During 2D reclassifications we end up with more or less the same number of ‘good’ classes, where the rest remain as classes with zero or few particles even if we double or triple the total number of desired 2D classes (so no gain by increasing the number of classes). We tried playing with the initial uncertainty, masks, align resolution, etc. but cannot really get the particles to not converge. If we select a single class we can break it up in subclasses somewhat more efficiently and we see high resolution features in the floppy domain (so it is not like it is not there) but we would really like to have such dispersal in dataset scale.

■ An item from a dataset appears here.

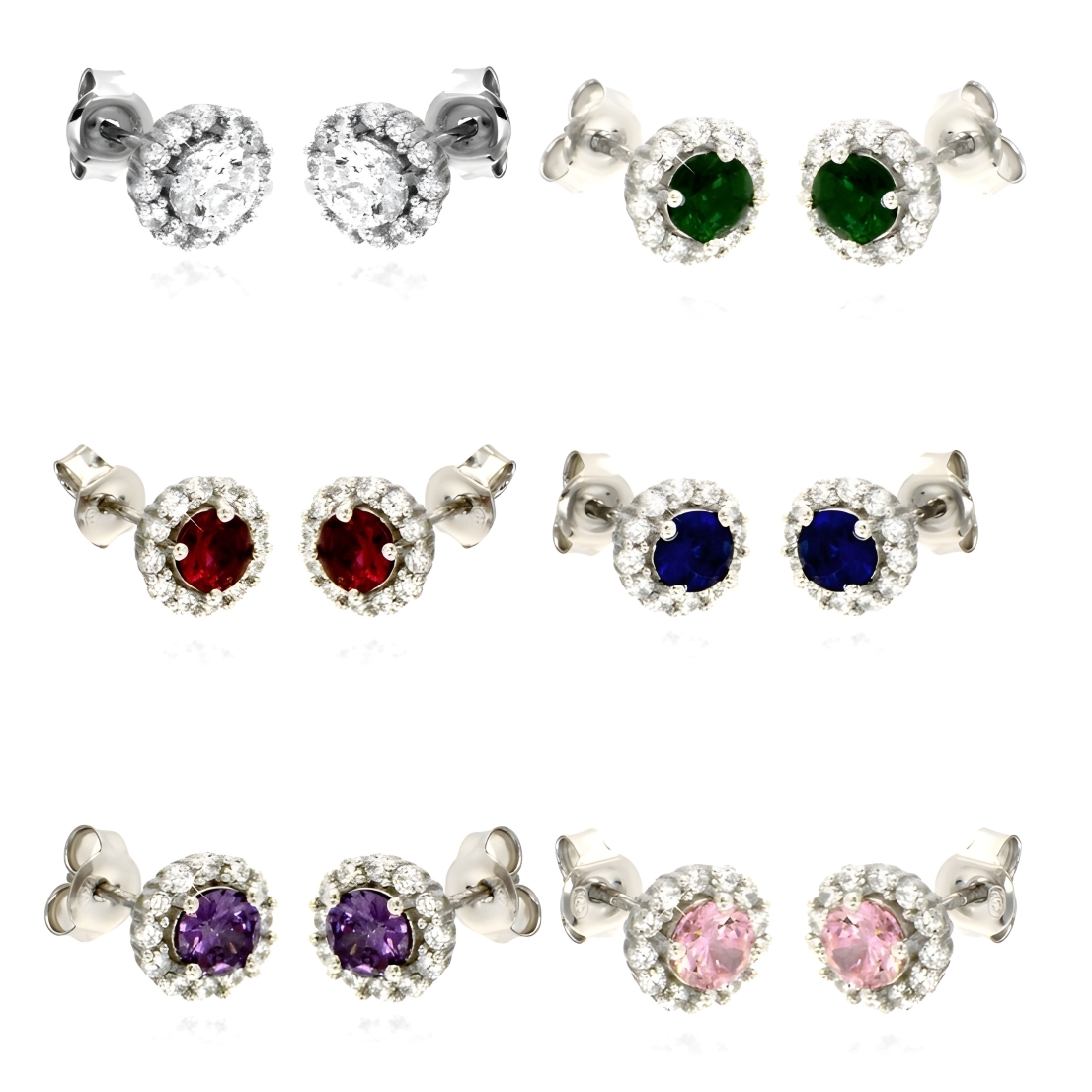 Orecchini da donna in argento 925 tondi impreziositi da cornice di zirconi. Chiusura a perno
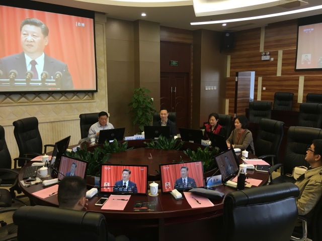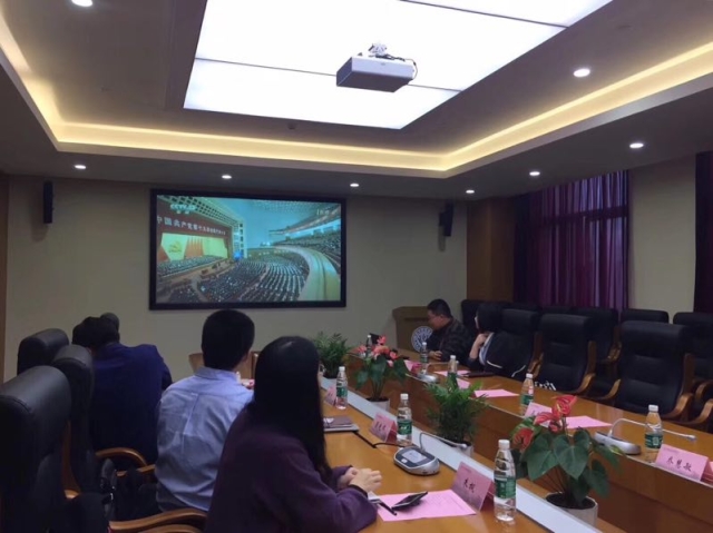 10月18日上午9时,中国共产党第十九次全国代表大会在北京人民大会堂隆重开幕。学校党委组织中心组成员(扩大)集体收看学习习近平同志《不忘初心,牢记使命,高举中国特色社会主义伟大旗帜,决胜全面建成小康社会,夺取新时代中国特色社会主义伟大胜利,为实现中华民族伟大复兴的中国梦不懈奋斗》的报告,校党委书记郑沈芳主持学习会,全体校领导、中心组成员和党总支(党支部)书记近70人参加。

Bottomline, is there a way to limit the maximum number of particles per 2D class so that we can force the program to keep things separate and try to align over the entirety of the particles? If not, any other suggestions will be greatly appreciated.





Thanks for posting.
This is definitely an interesting issue.
I think you’ve already tried some of the parameters that would make sense, as well as sub-classification (which is probably the most straightforward way).
Have you also already tried multiclass ab-initio reconstruction of the entire dataset?

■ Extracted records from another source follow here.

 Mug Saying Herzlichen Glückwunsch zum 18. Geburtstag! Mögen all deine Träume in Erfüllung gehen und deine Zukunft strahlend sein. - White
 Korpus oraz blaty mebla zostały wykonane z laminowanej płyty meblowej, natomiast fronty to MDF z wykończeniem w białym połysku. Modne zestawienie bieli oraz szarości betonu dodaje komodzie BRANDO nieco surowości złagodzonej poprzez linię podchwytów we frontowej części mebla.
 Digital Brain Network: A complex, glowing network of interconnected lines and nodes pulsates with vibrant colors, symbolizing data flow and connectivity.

With 2D classification, I would suggest trying something like the following settings:
Initial classification uncertainty factor: 3
Number of online-EM iterations: 40
Batchsize per class: 200
Number of iterations to anneal sigma: 35

This will cause the 2D classification job to be quite a bit slower but will more gradually anneal the “certainty” factor so that it takes more iterations before the classes are “locked in”, hopefully giving more time for the separation of very similar classes. You should do this with 200+ classes to ensure there is enough model capacity to find the views you are looking to separate.

Please let us know if that works!


Hi Ali,

Thanks a lot for the suggestion. Just for feedback, after running with the proposed parameters the problem persists and it seems that actually increasing the number of iterations hurts rather than helps : classes that have high-resolution features in the floppy domain appear in the intermaediate iterations and get completely smeared out by the end of the classification. Again in the end there are about 120 ‘empty’ classes (completely empty or with 1-2 particles) out of 200 and the remaining classes are blurred in the flexible region.




Hi @PVK,

Just following up with this - if you can get to 3D, could you try the new 3D Variability algorithm?
Some notes about it here:
It can generally resolve continuous conformational flexibility quite well and may shed some light into your dataset.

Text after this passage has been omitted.